▶ WHAT TO WORK ON
Give the listing again word for word. Leave every image out.

▶ DATA

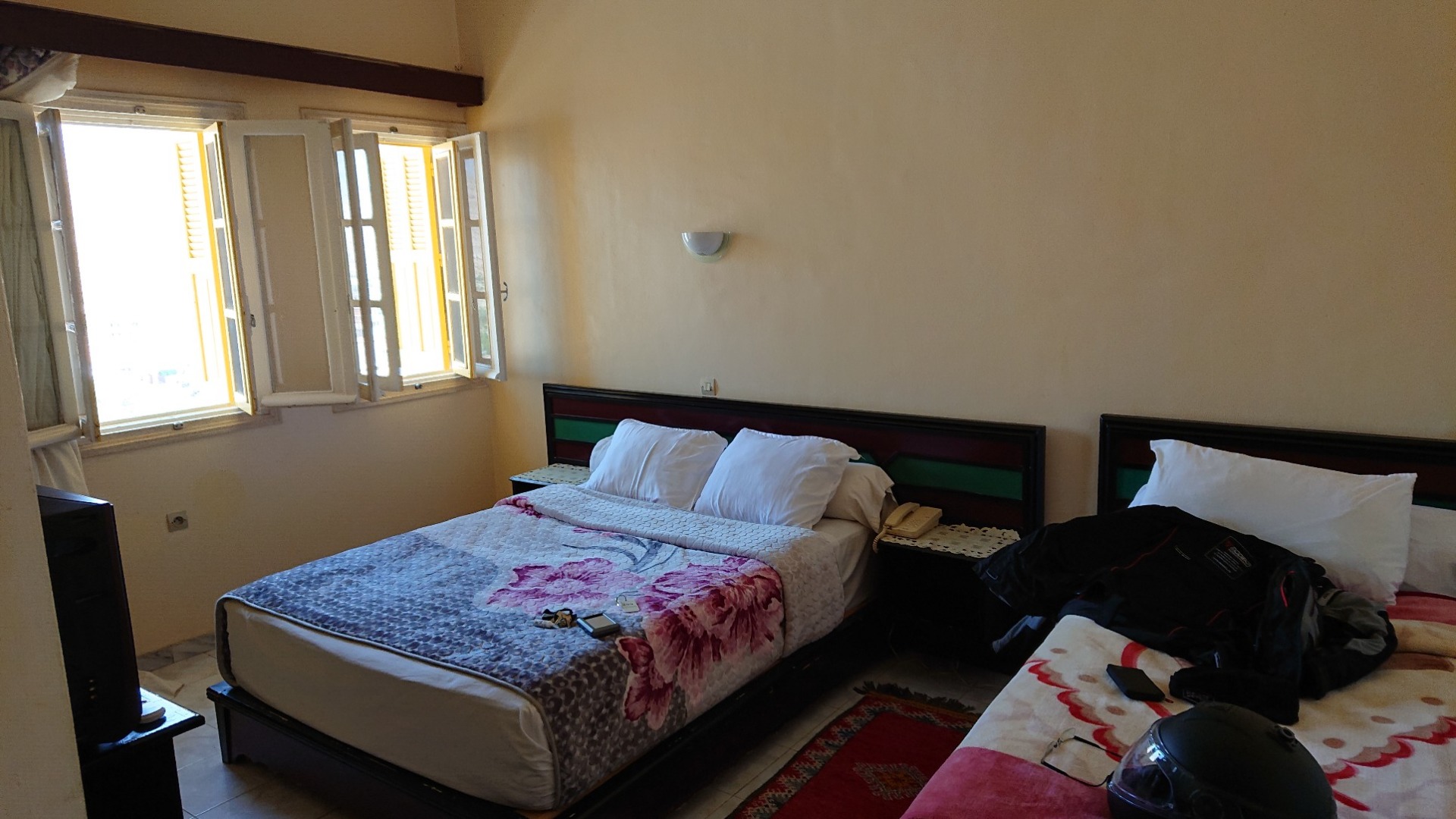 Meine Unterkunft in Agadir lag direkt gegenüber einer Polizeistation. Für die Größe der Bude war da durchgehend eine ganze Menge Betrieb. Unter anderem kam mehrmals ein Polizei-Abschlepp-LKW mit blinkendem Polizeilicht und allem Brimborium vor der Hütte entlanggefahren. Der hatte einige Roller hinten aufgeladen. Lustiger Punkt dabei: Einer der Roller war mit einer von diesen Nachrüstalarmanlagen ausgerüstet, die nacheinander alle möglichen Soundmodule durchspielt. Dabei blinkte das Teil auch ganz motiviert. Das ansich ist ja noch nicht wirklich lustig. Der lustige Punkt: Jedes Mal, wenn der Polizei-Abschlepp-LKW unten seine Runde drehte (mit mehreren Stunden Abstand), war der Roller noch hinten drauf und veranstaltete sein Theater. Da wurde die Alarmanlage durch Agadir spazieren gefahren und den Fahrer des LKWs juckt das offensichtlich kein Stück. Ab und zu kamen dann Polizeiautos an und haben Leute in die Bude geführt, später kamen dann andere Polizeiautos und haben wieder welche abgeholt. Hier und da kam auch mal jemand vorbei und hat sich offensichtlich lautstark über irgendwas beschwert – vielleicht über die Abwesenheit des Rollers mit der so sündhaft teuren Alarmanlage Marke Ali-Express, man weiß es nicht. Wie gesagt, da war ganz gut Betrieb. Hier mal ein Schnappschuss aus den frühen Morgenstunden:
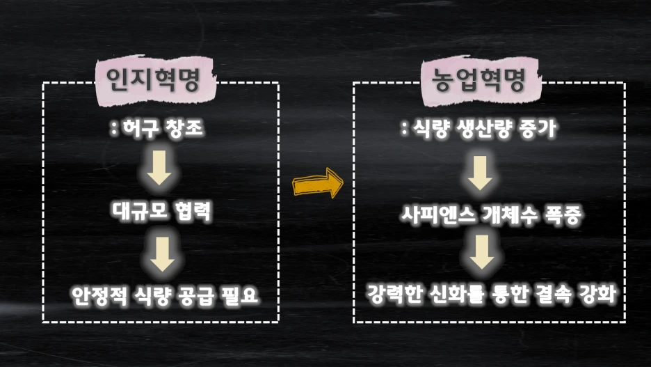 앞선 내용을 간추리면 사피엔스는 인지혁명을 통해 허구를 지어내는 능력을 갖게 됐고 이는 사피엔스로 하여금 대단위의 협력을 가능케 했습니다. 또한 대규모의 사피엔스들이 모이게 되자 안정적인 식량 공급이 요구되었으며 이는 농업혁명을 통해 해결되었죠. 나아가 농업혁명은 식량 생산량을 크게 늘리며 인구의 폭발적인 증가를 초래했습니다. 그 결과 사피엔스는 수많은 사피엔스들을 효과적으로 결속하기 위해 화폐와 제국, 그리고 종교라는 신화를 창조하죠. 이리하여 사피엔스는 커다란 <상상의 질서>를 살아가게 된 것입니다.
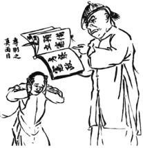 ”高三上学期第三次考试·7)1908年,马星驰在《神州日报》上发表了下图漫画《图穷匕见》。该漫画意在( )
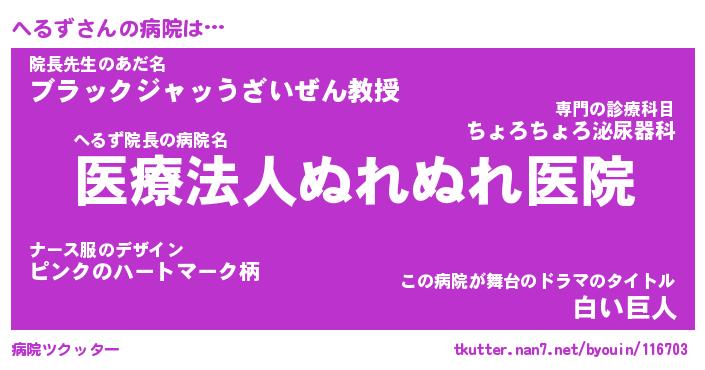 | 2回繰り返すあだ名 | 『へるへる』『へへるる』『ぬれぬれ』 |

▶ YOUR SOLUTION
 Meine Unterkunft in Agadir lag direkt gegenüber einer Polizeistation. Für die Größe der Bude war da durchgehend eine ganze Menge Betrieb. Unter anderem kam mehrmals ein Polizei-Abschlepp-LKW mit blinkendem Polizeilicht und allem Brimborium vor der Hütte entlanggefahren. Der hatte einige Roller hinten aufgeladen. Lustiger Punkt dabei: Einer der Roller war mit einer von diesen Nachrüstalarmanlagen ausgerüstet, die nacheinander alle möglichen Soundmodule durchspielt. Dabei blinkte das Teil auch ganz motiviert. Das ansich ist ja noch nicht wirklich lustig. Der lustige Punkt: Jedes Mal, wenn der Polizei-Abschlepp-LKW unten seine Runde drehte (mit mehreren Stunden Abstand), war der Roller noch hinten drauf und veranstaltete sein Theater. Da wurde die Alarmanlage durch Agadir spazieren gefahren und den Fahrer des LKWs juckt das offensichtlich kein Stück. Ab und zu kamen dann Polizeiautos an und haben Leute in die Bude geführt, später kamen dann andere Polizeiautos und haben wieder welche abgeholt. Hier und da kam auch mal jemand vorbei und hat sich offensichtlich lautstark über irgendwas beschwert – vielleicht über die Abwesenheit des Rollers mit der so sündhaft teuren Alarmanlage Marke Ali-Express, man weiß es nicht. Wie gesagt, da war ganz gut Betrieb. Hier mal ein Schnappschuss aus den frühen Morgenstunden:
 앞선 내용을 간추리면 사피엔스는 인지혁명을 통해 허구를 지어내는 능력을 갖게 됐고 이는 사피엔스로 하여금 대단위의 협력을 가능케 했습니다. 또한 대규모의 사피엔스들이 모이게 되자 안정적인 식량 공급이 요구되었으며 이는 농업혁명을 통해 해결되었죠. 나아가 농업혁명은 식량 생산량을 크게 늘리며 인구의 폭발적인 증가를 초래했습니다. 그 결과 사피엔스는 수많은 사피엔스들을 효과적으로 결속하기 위해 화폐와 제국, 그리고 종교라는 신화를 창조하죠. 이리하여 사피엔스는 커다란 <상상의 질서>를 살아가게 된 것입니다.
 ”高三上学期第三次考试·7)1908年,马星驰在《神州日报》上发表了下图漫画《图穷匕见》。该漫画意在( )
 | 2回繰り返すあだ名 | 『へるへる』『へへるる』『ぬれぬれ』 |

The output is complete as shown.